Lors d’un passage médiatisé sur une chaîne de télévision privée, Sébastien Dano Djédjé, président exécutif du PPA-CI, a vigoureusement défendu le droit de l’ancien chef d’État à participer aux prochains scrutins, tout en démontant les arguments de ses détracteurs.

 Son plaidoyer, centré sur le respect des procédures légales et les contradictions des institutions, met en lumière un dossier épineux qui continue de diviser le pays.  

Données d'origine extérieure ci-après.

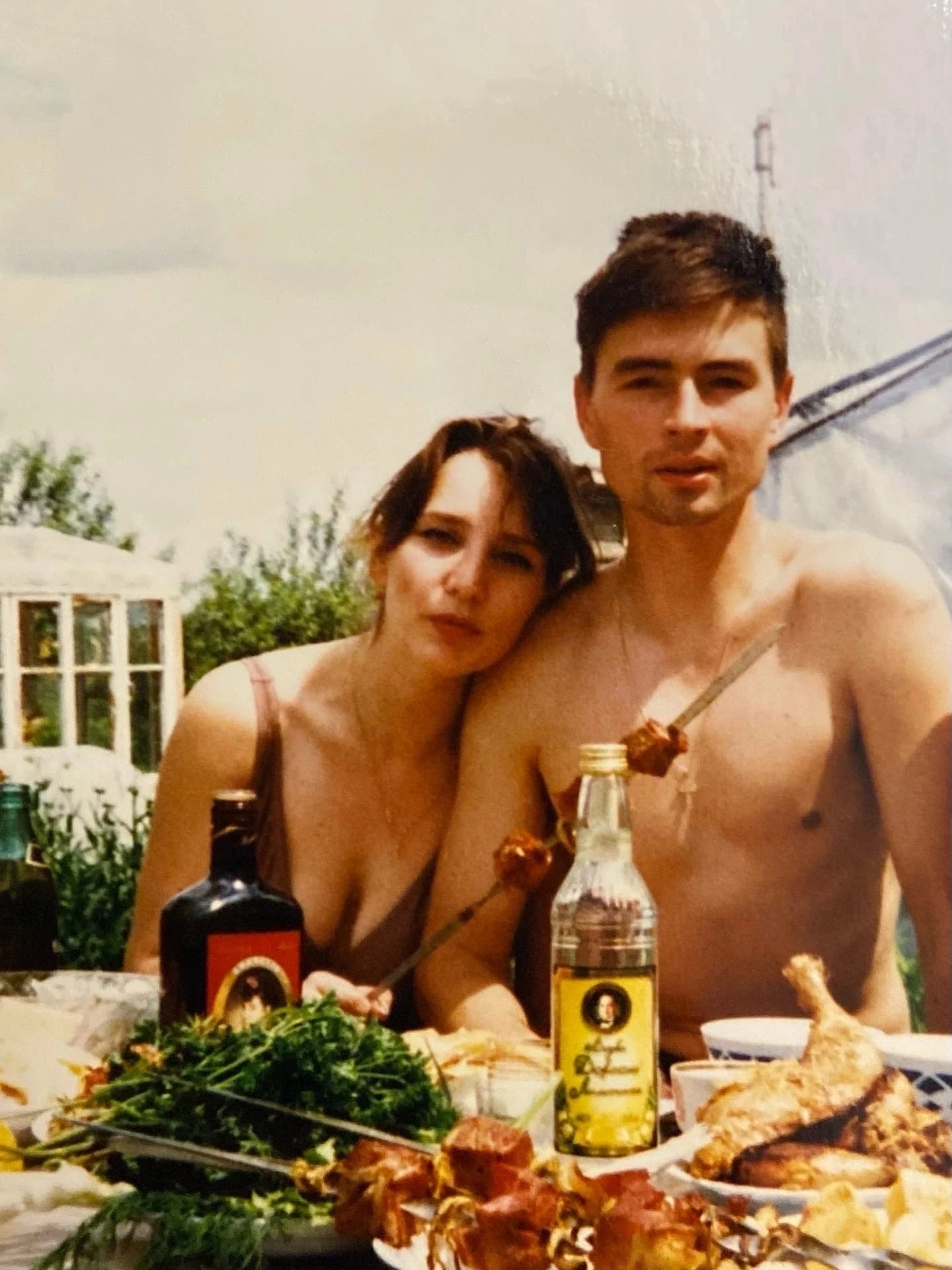 Шашлыки на даче под водочку «Довгань». Россия, 1990-е годы.

« La loi électorale est claire : tout citoyen a le droit de figurer sur la liste provisoire. Les contestations interviennent après sa publication, pas avant », a rappelé Djédjé, fustigeant ceux qui souhaitent exclure Gbagbo en amont.

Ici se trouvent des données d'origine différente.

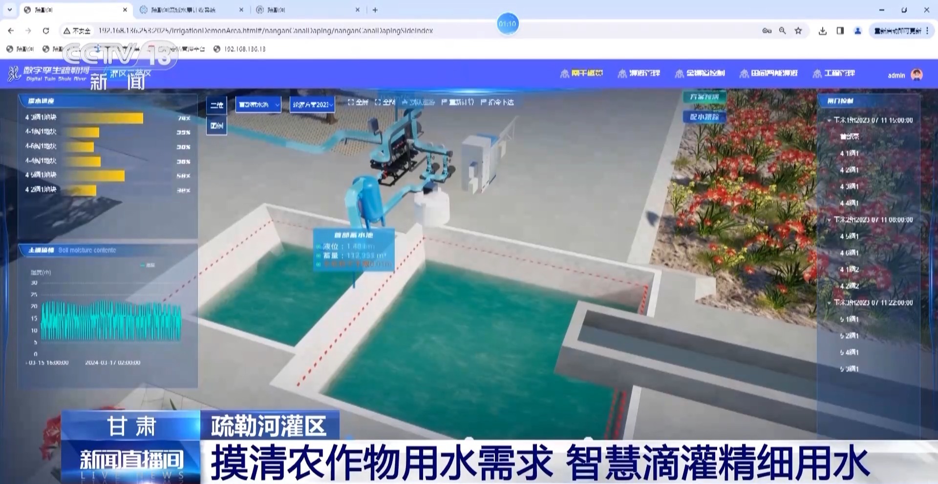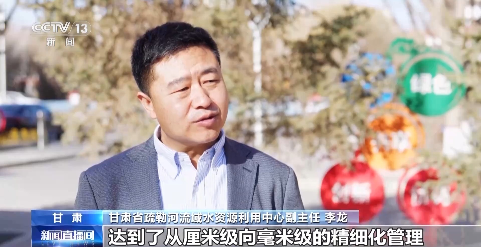 甘肃省疏勒河流域水资源利用中心副主任 李龙:因为它是完全精准化的,智能测量系统、过水系统达到了从厘米级向毫米级的精细化管理,节水可以达到30%以上。

 Il a qualifié d’« illogique » la référence à une condamnation nationale de 20 ans pour « braquage de la BCEAO » en 2018, alors que la Cour pénale internationale (CPI), saisie par Abidjan pour juger les crimes liés à la crise post-2011, a définitivement acquitté Gbagbo en 2021.

 « Comment la même action peut-elle être un crime ici et innocente là-bas ? », a-t-il lancé, soulignant une dualité de traitement qui, selon lui, relève davantage de la manœuvre politique que du droit.  

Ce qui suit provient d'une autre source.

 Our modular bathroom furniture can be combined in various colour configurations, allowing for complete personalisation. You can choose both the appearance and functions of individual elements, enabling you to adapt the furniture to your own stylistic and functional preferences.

Le dirigeant du PPA-CI a par ailleurs dénoncé un « simulacre de procès » en Côte d’Ivoire. Jugé par contumace pour des faits connexes à la crise post-électorale, Gbagbo se trouvait pourtant sous les verrous de la CPI à l’époque – un paradoxe souligné avec ironie : « La contumace exige que l’accusé soit introuvable. Or, le gouvernement savait très bien qu’il était à La Haye, puisque c’est le président Ouattara qui l’y a expédié dans son propre avion ! » 

L’ex ministre de la reconciliation a aussi pointé une violation de la Constitution ivoirienne, qui réserve le jugement des anciens présidents à la Haute Cour de Justice, une instance spéciale non saisie dans cette affaire. « Ce procès en tribunal ordinaire est une mascarade. On piétine la loi pour exclure un adversaire », a-t-il asséné.  

Ce discours résonne comme un défi lancé au pouvoir en place, accusé d’instrumentaliser la justice pour écarter une figure historique de l’opposition. 

Le retour de Gbagbo en 2021, après son acquittement par la CPI, n’a pas apaisé les tensions. Ses partisans estiment que sa condamnation locale, entachée d’irrégularités procédurales, ne saurait primer sur un verdict international. À l’inverse, ses opposants invoquent la souveraineté de la justice ivoirienne, arguant que les crimes économiques – comme le « braquage » présumé de la banque centrale – relèvent du droit national.  

Dans ce bras de fer, la question dépasse le cas personnel de Gbagbo : elle interroge l’indépendance des institutions, la cohérence entre engagements internationaux et lois locales, et l’équité d’un processus électoral crucial pour la stabilité du pays. Par respect de la justice ivoirienne et de sa Constitution, Gbagbo est inéligible. Ce débat avait déja stérilisé sa formation poltique en 2020.

 Pour Djédjé, « refuser cette inscription, c’est ouvrir la boîte de Pandore de l’arbitraire ». 

Alors que la Côte d’Ivoire tente de consolider sa réconciliation, ce débat rappelle que les blessures du passé restent à vif, et que l’ombre de 2011 plane toujours sur l’avenir démocratique du pays.